Connections of Berry and Hannay type for moving Lagrangian submanifolds

Abstract

Berry's phase is the holonomy of the natural connection on the canonical circle bundle over projectivized quantum Hilbert space. Given a symplectic manifold P, a classical limit of this phase is constructed as the holonomy of a Berry connection over a finite-codimensional isodrastic foliation (defined by constancy of action integrals) on the space of lagrangian submanifolds in P equipped with smooth densities of total measure 1. If the densities are determined by a Kähler metric compatible with the symplectic structure, the curvature of the Berry connection at the lagrangian submanifold L is given by a simple formula involving curvature of L. In particular, the Berry connection defines a homotopy invariant for isodrastic loops of minimal lagrangian submanifolds in a simply connected Kähler manifold. A similar invariant constructed by the author for loops of symplectomorphisms is also a special case of the classical Berry phase. A classical analogue of Berry's phase was discovered by Hannay for moving families of completely integrable systems.
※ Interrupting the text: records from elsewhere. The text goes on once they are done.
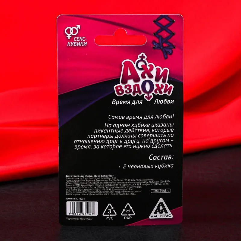 Возьмите эти кубики с собой в спальню, погасите свет и начинайте игру! В игре два кубика. На одном из них указаны пикантные действия, которые партнёры должны совершить по отношению друг к другу, а на другом — время, за которое это нужно сделать. Просто бросьте кубики и испытайте новые грани наслаждения!
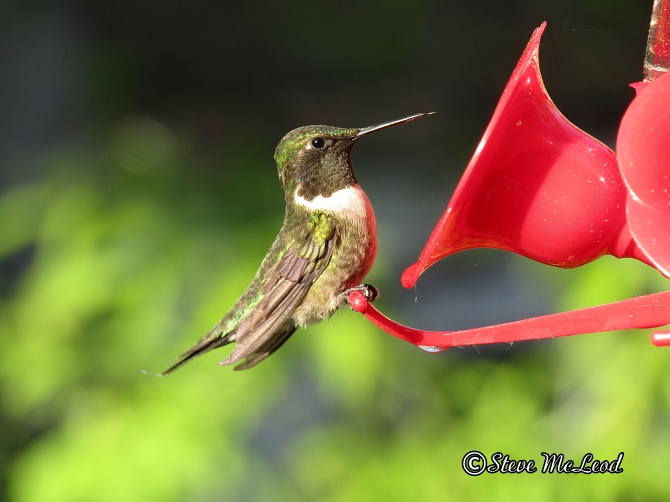 And there’s the male ruby-throated hummingbird again. But as soon as I bring out my camera and aim it his direction…zoom, he’s gone. He comes to the feeder about every 15 to 20 minutes in the morning, less as the day gets warmer. Such tiny birds, only about 3.5 inches (8.9cm) from tip of beak to end of tail and weighing only 1/8 ounce (3.1 grams). But such an amazing little bird and so beautiful. A great start to another wonderful day here at Steve’s Country. Now, while I get some more coffee, let’s take a look at today’s pics. The top pic, of course, is our main subject of the day, a male ruby-throated hummingbird at the feeder. His throat looks black because the sun is shining on his back, when the sun shines on it’s throat it will be a bright red.
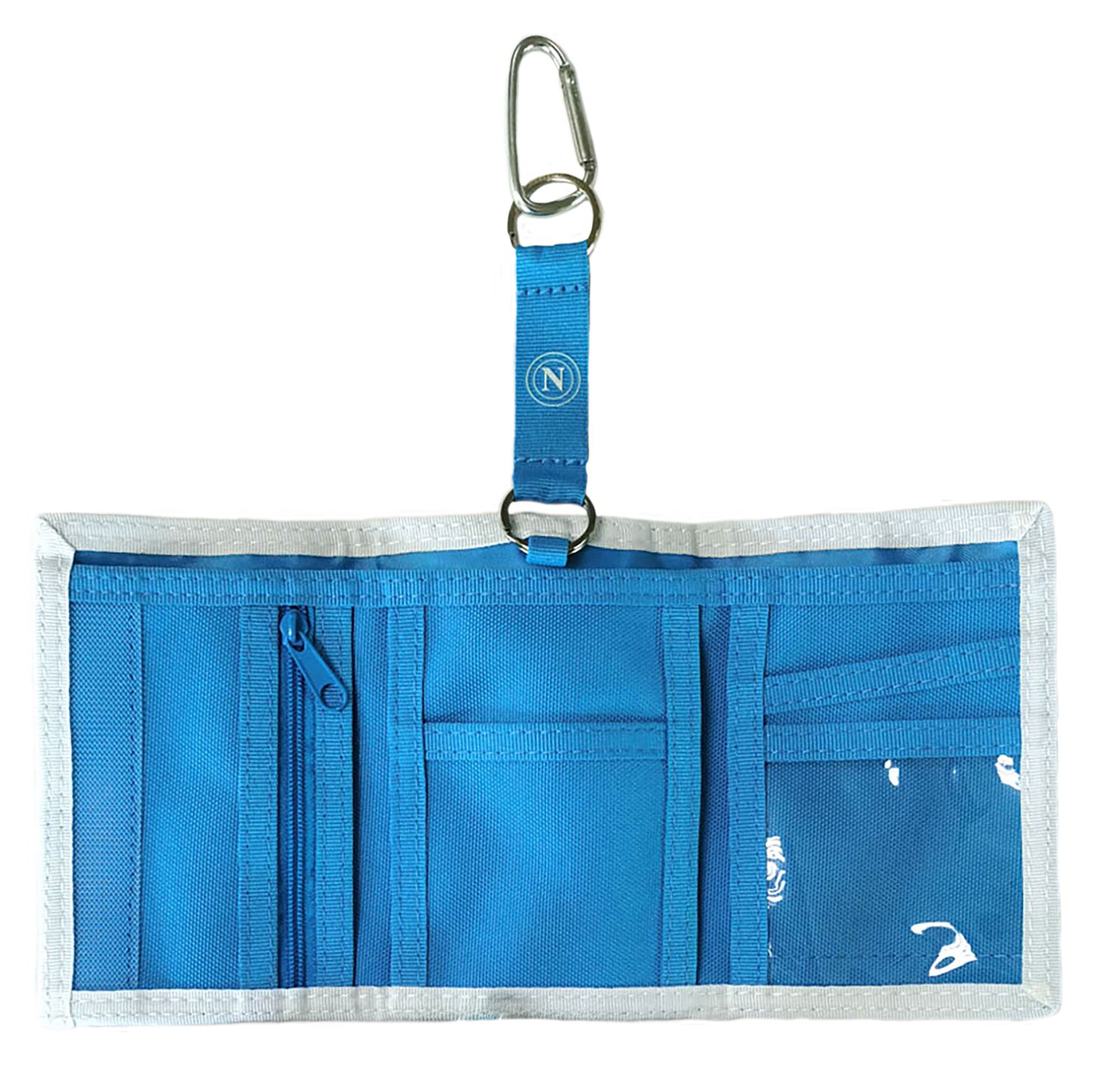 PORTACHIAVI PORTAMONETE IN TESSUTO CELESTE CON MOSCHETTONE STAMPA BIFACCIALE

Following Berry and Hannay, we interpret Hannay's angles as the holonomy of a Hannay connection on a bundle of tori over the isodrastic foliation on the space of lagrangian toral layers consisting of lagrangian tori with a flat affine structure and an extension of this structure to the first infinitesimal neighborhood. Finally, we show that the Hannay angles are the derivatives with respect to action variables of the classical Berry phase.